Теперь переходим к вопросам наследования французского престола. Во Франции согласно Салическому закону исключалось наследование по женской линии. У короля Филиппа Четвертого Красивого из династии Капетингов было три сына и одна дочь, та самая Изабелла, жена Эдуарда Второго и мать Эдуарда Третьего. Три сына – это отлично! Можно ни о чем не беспокоиться. Однако природа сыграла злую шутку с Капетингами: старший сын Филиппа, Людовик, надел корону, однако умер, не оставив сыновей, у него была только дочь. Правда, на момент смерти Людовика его супруга была беременна, вся страна с надеждой ждала родов, но младенец, оказавшийся мальчиком, не выжил. После Людовика на трон сел следующий сын, Филипп, – и опять то же самое: сыновей нет, а четыре дочери – кому они нужны? Третий сын, самый младший, Карл, братьев не подвел и поступил, как они: скончался, не подарив стране наследника мужского пола. Вернее, он старался изо всех сил, дарил, то есть сыновья-то рождались, целых двое, но один умер, не дожив до десяти лет, другой – вскоре после рождения. А когда Карл скончался, в живых оставались лишь две девочки от третьего брака. О том, что у Филиппа Четвертого есть еще и дочь, даже разговоров не было: Салическое право же! Поэтому решили: если по прямой линии наследования полный облом, то поищем в боковых линиях. У Филиппа Четвертого был младший брат, Карл Валуа, он уже умер, но у него есть сын, то есть родной племянник Филиппа, тоже Филипп. Вот он и стал следующим королем Франции под именем Филиппа Шестого (Пятым, как вы понимаете, был один из сыновей Четвертого). Теперь смотрим, что вышло в итоге: новый король, Филипп Шестой, приходился последнему из сыновей Филиппа Четвертого, Карлу Четвертому, всего лишь двоюродным братом. А вот если бы признали права Изабеллы на трон после смерти брата, то получилось бы, что королем Франции станет родной внук Филиппа Четвертого, а не внучатый племянник. На этом (довольно сомнительном для наших современников) основании в Англии считали, что у их короля Эдуарда больше прав на французскую корону, чем у Филиппа Валуа.
Король Эдуард Третий (крайний справа) и предшественники (слева направо): Генрих Третий, Эдуард Первый и Эдуард Второй[14]
. Гравюра XVI века.Вот об этом и толкует сейчас Роберт Артуа, который вовсе не Артуа. Но уж поскольку автор так его именует, то спорить не станем.
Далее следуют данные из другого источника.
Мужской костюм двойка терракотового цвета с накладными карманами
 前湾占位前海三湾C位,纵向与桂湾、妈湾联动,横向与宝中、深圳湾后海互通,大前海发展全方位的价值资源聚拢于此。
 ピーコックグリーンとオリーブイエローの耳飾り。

Правда непонятно, почему этот Роберт так путается в своих же родных французских королях. На момент сценического действия (судя по дальнейшим событиям в пьесе, это 1337 год) Францией правил все тот же Филипп Шестой Валуа, родоначальник династии Валуа. И править он будет еще очень долго, аж до 1350 года, а уж потом на трон взойдет его сын Иоанн. Вряд ли Роберт Артуа слабо разбирался в ситуации у себя на родине. Скорее, автору пьесы, кем бы он ни был на самом деле, зачем-то понадобилось убрать Филиппа Шестого раньше времени и заменить его Иоанном Вторым. Возможно, по ходу пьесы мы и разберемся, для чего это сделано.
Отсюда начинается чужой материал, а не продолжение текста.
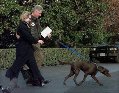 克林顿和夫人希拉里牵着宠物狗“巴迪”走出白宫。
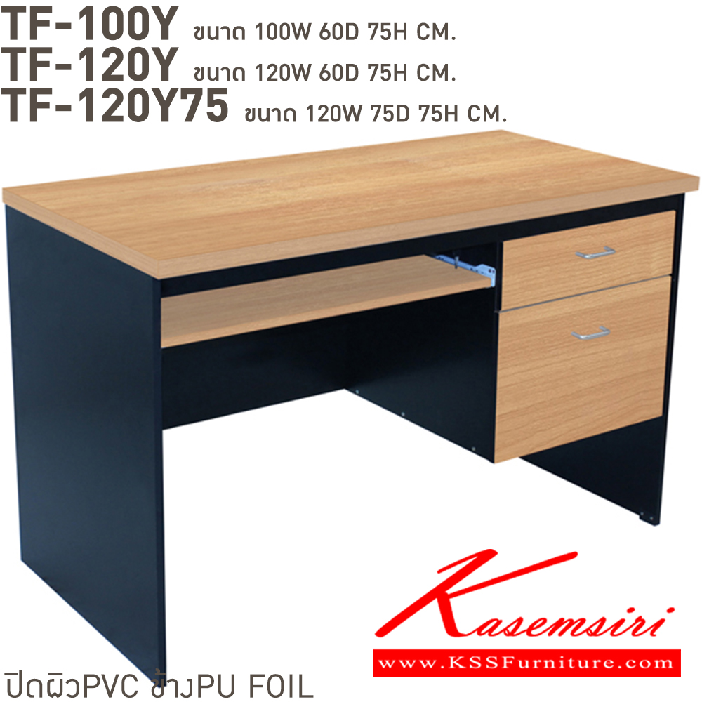 โต๊ะคอมพิวเตอร์ 2 ลิ้นชัก 1คีย์บอร์ด ปิดผิวPVC TF-100Y(ลึก60ซม.),TF-120Y(ลึก60ซม.),TF-120Y75(ลึก75ซม.) บีที โต๊ะสำนักงานPVC บีที โต๊ะสำนักงานPVC
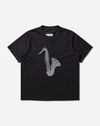 MM6 Maison Margiela Saxophone T-Shirt Black This graphic T-shirt strikes a jazz-influenced note, fusing the energy of Miles Davis with MM6’s irreverent design approach. A saxophone motif, formed from stacked Maison lettering, lends the look a playful edge that recalls the feel of vintage music tees. Finished with the MM6 white stitch line at the back. - 100% Cotton - Relaxed Fit - Ribbed Collar - Saxophone Print at Front - White Stitch Line at Back - Made in Italy - Style Code: SH2GC0032 900
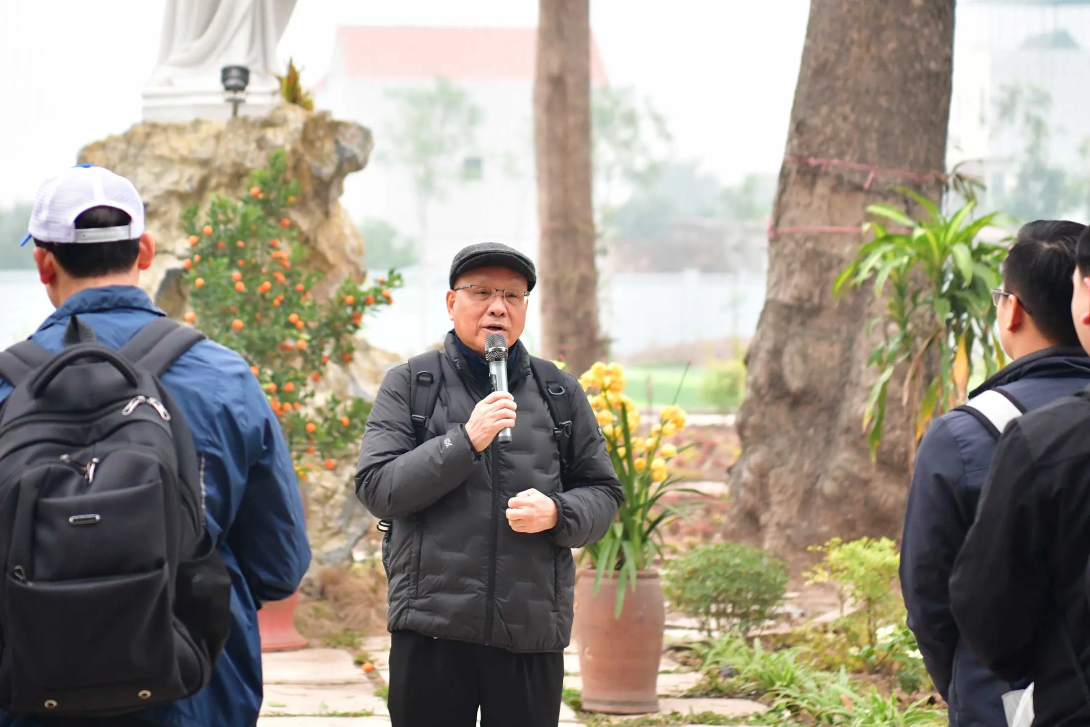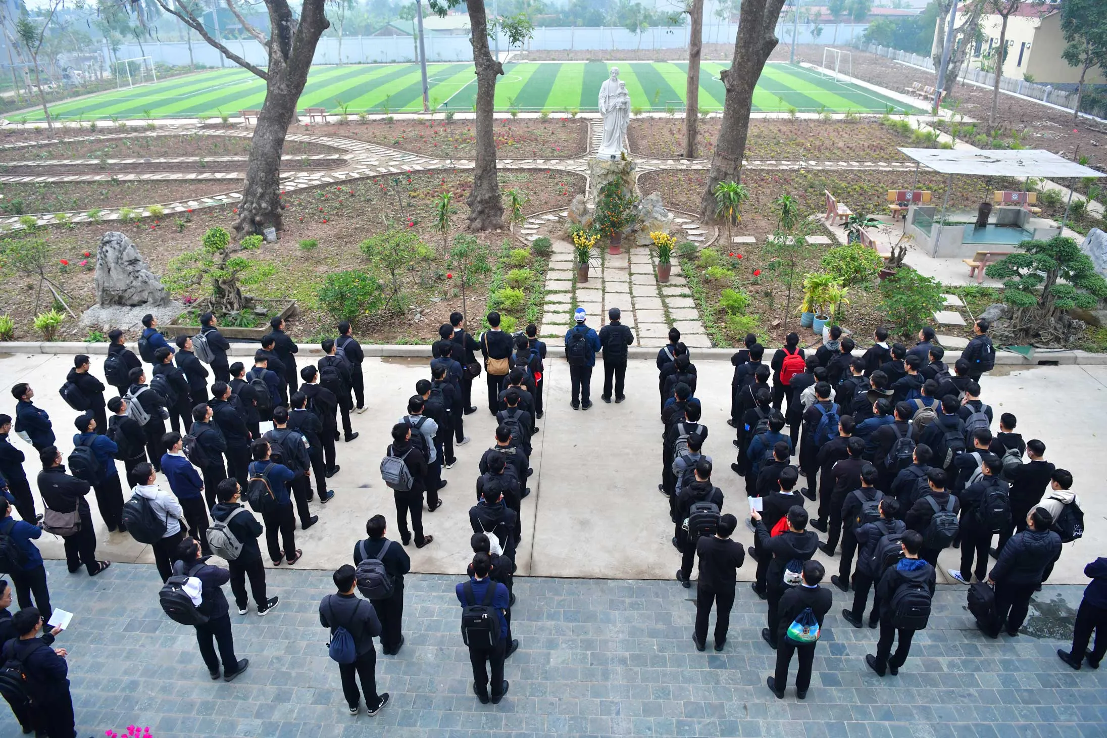 Đúng 7h00, quý thầy tập trung trước tượng đài thánh Giu-se để cầu xin cho chuyến hành hương được diễn ra tốt đẹp. Đồng hành cùng đoàn có Cha Phó Giám đốc Giu-se Nguyễn Văn Diễm, quý cha, quý sơ và bà con Giáo xứ Hoàng Nguyên.
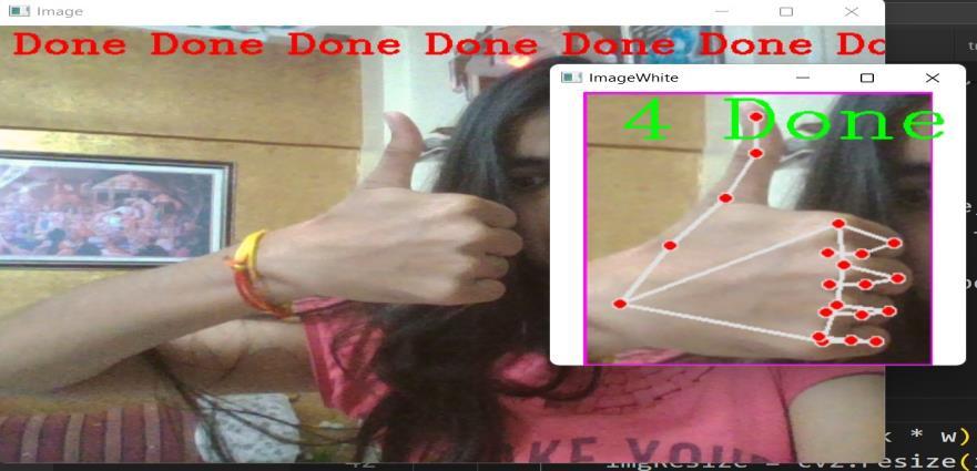 Fig 5. Shows the result of word detected “Done” of Hand Gesture.

– Интересные вещи ты рассказываешь, Артуа, – оживляется Эдуард. – Я аж духом воспрял, слушая тебя. Теперь у меня есть причина согнуть спины французам, которые противятся моей власти.
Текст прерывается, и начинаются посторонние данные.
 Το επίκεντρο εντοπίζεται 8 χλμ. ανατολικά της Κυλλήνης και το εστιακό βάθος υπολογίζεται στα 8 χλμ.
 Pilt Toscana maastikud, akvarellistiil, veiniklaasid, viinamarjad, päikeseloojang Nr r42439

Снова придется сделать перерыв в действии и пуститься в пояснения. Какие это французы и почему «противятся власти» Эдуарда? Тут имела место чисто юридическая закавыка, которую не удавалось преодолеть уже два с половиной века, с того момента, как нормандец Вильгельм в 1066 году завоевал Англию и стал английским королем, положив начало норманнской династии. Нормандия-то по-прежнему принадлежала ему, а она – часть Франции, и Вильгельм должен был принести французскому королю вассальную клятву за эту землю. Получалось, что один король – вассал другого? Как-то это не очень… Последующие короли путем «правильных» браков присоединили к Англии Анжу, Бретань, Аквитанию, да много чего. В итоге почти половина территории Франции принадлежала английской короне. А вопрос «кто кому начальник» так и висел нерешенным, хотя несколько поколений юристов бились над ним без устали.